After finding the line containing "您可以选择美国钢铁公司标志性的绿色或棕色股票证书,该证书于 20 世纪" below, please output that line and each following one through the line containing "Posjeduje pravomoćnu građevinsku", exactly as written.

> **RECORDS FOR THIS EXERCISE**
- - - - -
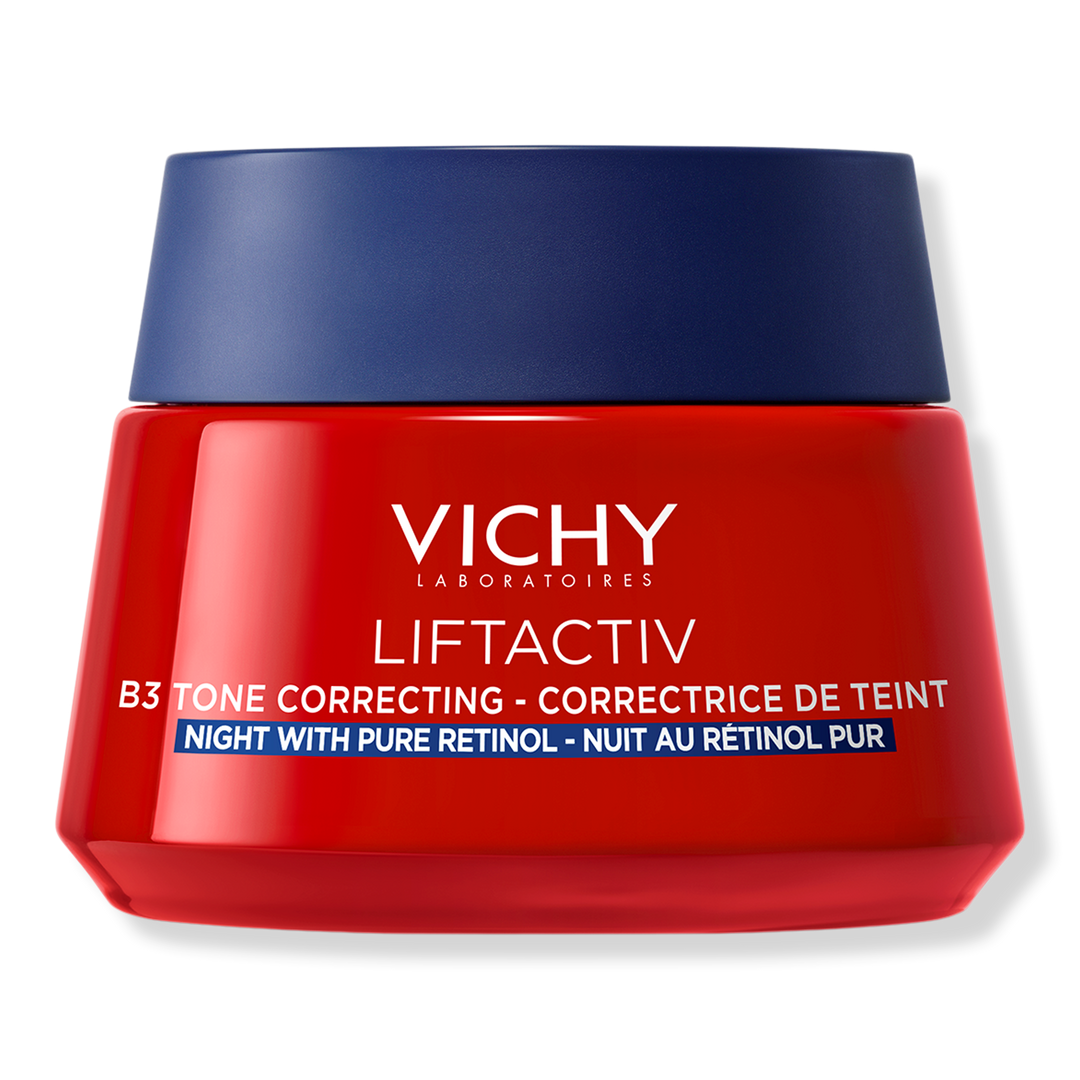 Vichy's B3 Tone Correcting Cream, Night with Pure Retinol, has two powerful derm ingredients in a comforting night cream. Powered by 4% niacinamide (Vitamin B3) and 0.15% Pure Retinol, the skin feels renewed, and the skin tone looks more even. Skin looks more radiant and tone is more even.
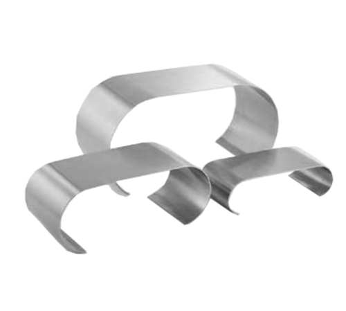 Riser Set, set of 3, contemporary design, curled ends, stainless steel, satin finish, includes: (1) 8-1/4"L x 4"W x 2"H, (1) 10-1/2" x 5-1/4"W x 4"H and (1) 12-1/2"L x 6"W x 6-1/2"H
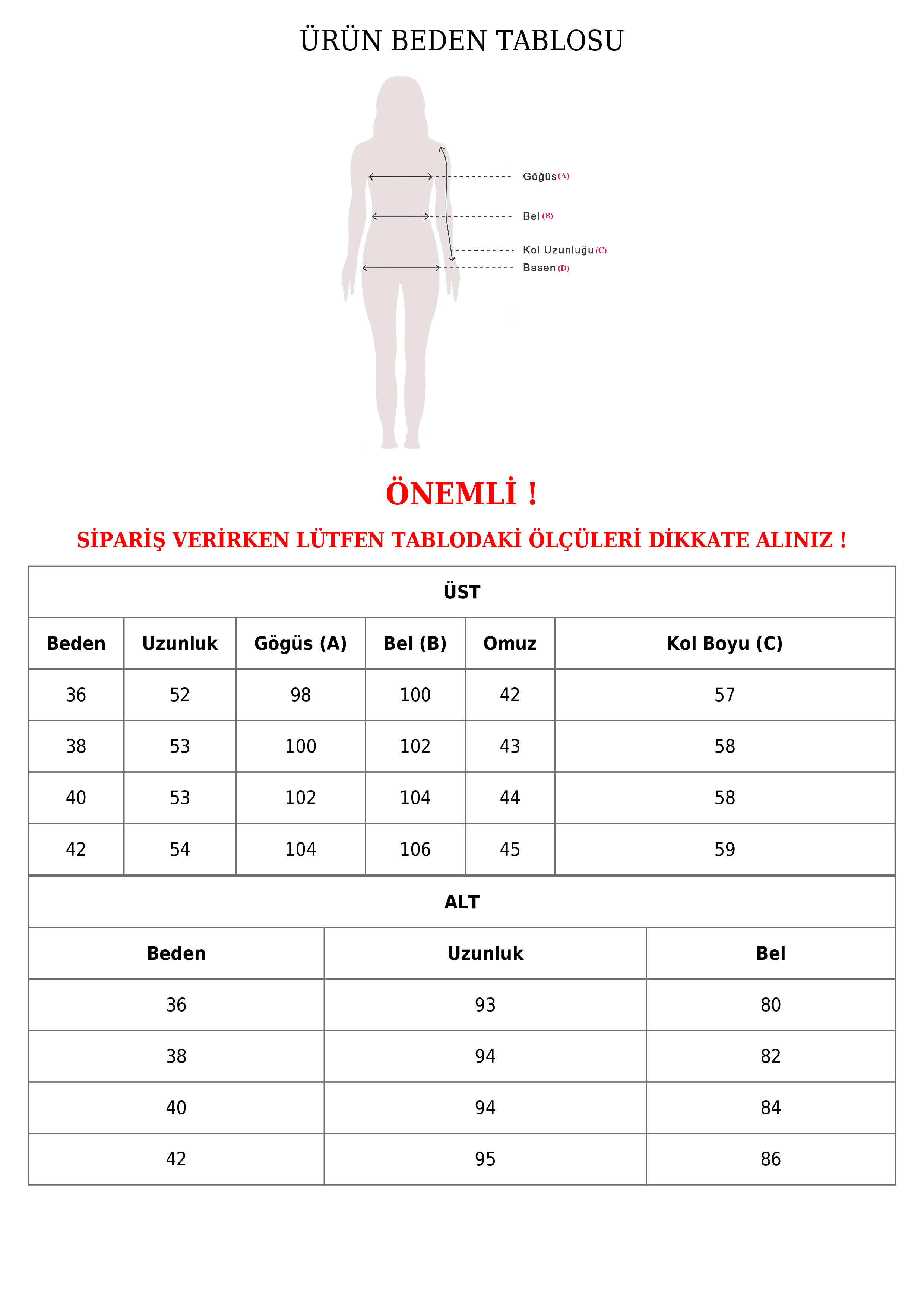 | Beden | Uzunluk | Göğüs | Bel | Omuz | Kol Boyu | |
- - - - -
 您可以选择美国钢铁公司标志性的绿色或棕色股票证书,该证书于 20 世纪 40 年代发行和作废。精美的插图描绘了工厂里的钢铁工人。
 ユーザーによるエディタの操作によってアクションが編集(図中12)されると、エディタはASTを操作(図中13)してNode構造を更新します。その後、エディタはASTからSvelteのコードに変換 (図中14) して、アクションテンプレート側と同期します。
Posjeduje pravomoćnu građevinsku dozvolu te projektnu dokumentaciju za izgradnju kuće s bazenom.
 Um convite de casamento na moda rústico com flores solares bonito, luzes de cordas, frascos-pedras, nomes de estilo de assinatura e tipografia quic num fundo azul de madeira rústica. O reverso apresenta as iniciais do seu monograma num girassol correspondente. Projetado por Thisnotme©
- - - - -
> **OUTPUT FOR THIS TASK**
 您可以选择美国钢铁公司标志性的绿色或棕色股票证书,该证书于 20 世纪 40 年代发行和作废。精美的插图描绘了工厂里的钢铁工人。
 ユーザーによるエディタの操作によってアクションが編集(図中12)されると、エディタはASTを操作(図中13)してNode構造を更新します。その後、エディタはASTからSvelteのコードに変換 (図中14) して、アクションテンプレート側と同期します。
Posjeduje pravomoćnu građevinsku dozvolu te projektnu dokumentaciju za izgradnju kuće s bazenom.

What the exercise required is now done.